Extracted material below:

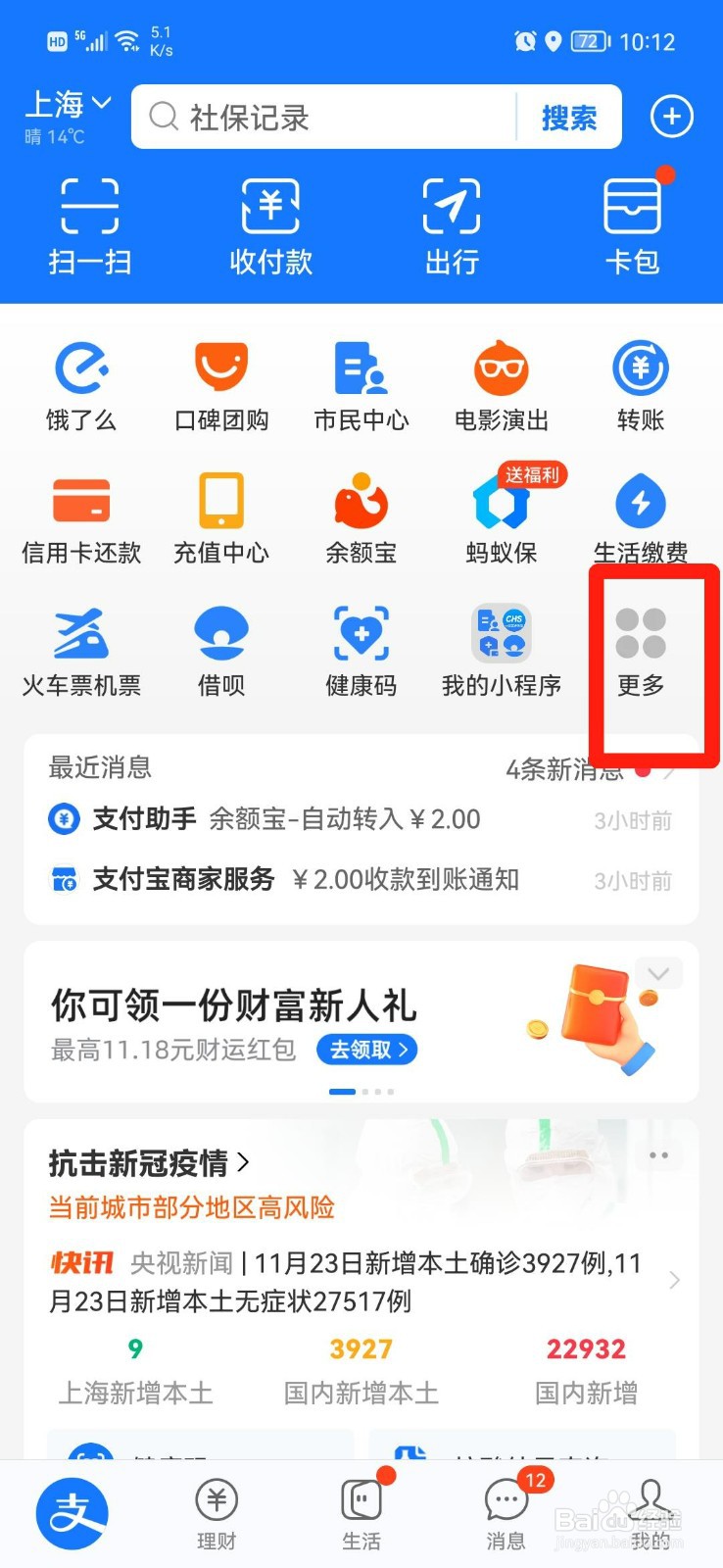 进入支付宝APP首页,点击【更多】,详见下图所示;
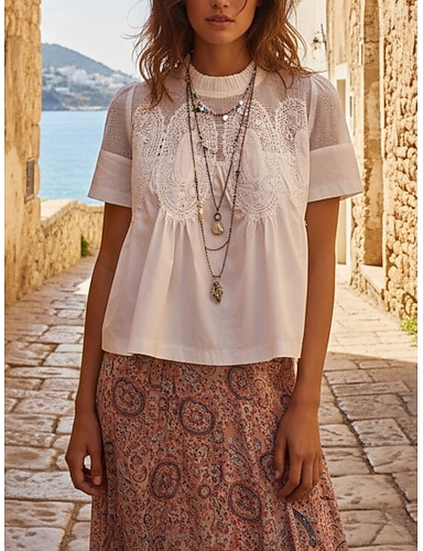 Mulheres camisa de verão Camisa casual Blusa Renda Patchwork Botões Côr Sólida Elegante à moda Casual Manga Curta Aberto para a Lateral Tops regulares Diário Ao ar livre Feriado Branco Verão Primavera
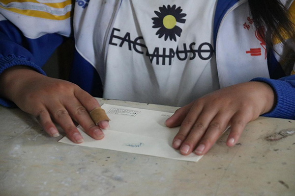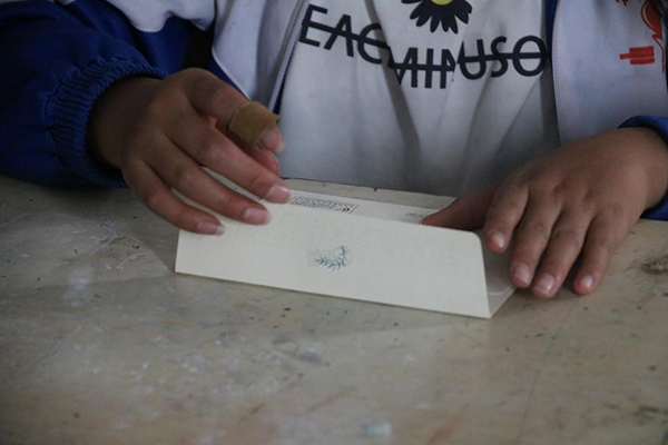 一节课过后,原本空荡的信封已填满了梦想的气息。孩子们将信纸装进信封,用封条粘好。他们的眼神中满是真诚与期待,一张小小的信纸,承载着的是大大的梦想。
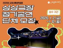(케이엠뉴스) 군포문화재단 군포시평생학습원 상상극장은 2026년 정기공연 무대를 함께 만들어갈 공연단체 10팀을 최종 선정했다. 선정된 공연단체들은 오는 3월부터 본격적인 공연을 선보이며 유아부터 가족까지 함께 즐길 수 있는 작품들로 한 해 동안 상상극장 무대에서 시민들과 만난다. 이번 정기공연에는 인형극, 뮤지컬, 연극 등 다양한 장르의 작품들로 구성되어 있으며 전래동화를 바탕으로 한 이야기부터 고전문학에서 착안한 작품, 환경을 주제로 한 공연, 우리 문화적 요소를 담은 공연까지 폭넓은 내용으로 구성됐다. 상상극장 정기공연의 가장 큰 매력은 소극장 공간에서 배우와 가까이서 만날 수 있다는 점이다. 무대와 객석의 거리가 가까워 아이들이 공연에 더욱 집중하고 몰입할 수 있는 환경을 제공하며 관객과 배우가 함께 호흡하는 생생한 관람을 가능하게 한다. 군포문화재단 전형주 대표이사는 “상상극장 정기공연은 시민의 일상 속에 공연예술이 스며드는 하나의 과정”이라고 말하며 “한 해 동안 펼쳐질 무대들로 상상극장만의 색깔을 꾸준히 만들어가고자 한다”라고 전했다. 상상극장 정기공연의 세부 공연 일정과 작품 정보는
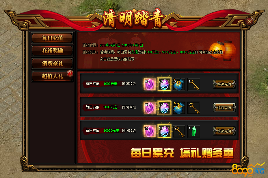 搜索"8090网页游戏"一、 每日累充 壕礼赠多重

End of Extracted material.

# What the task requires
Print the entries as they stand, first line through the line holding "一节课过后,原本空荡的信封已", with every picture removed.

# Output for this exercise
 进入支付宝APP首页,点击【更多】,详见下图所示;
 Mulheres camisa de verão Camisa casual Blusa Renda Patchwork Botões Côr Sólida Elegante à moda Casual Manga Curta Aberto para a Lateral Tops regulares Diário Ao ar livre Feriado Branco Verão Primavera
 一节课过后,原本空荡的信封已填满了梦想的气息。孩子们将信纸装进信封,用封条粘好。他们的眼神中满是真诚与期待,一张小小的信纸,承载着的是大大的梦想。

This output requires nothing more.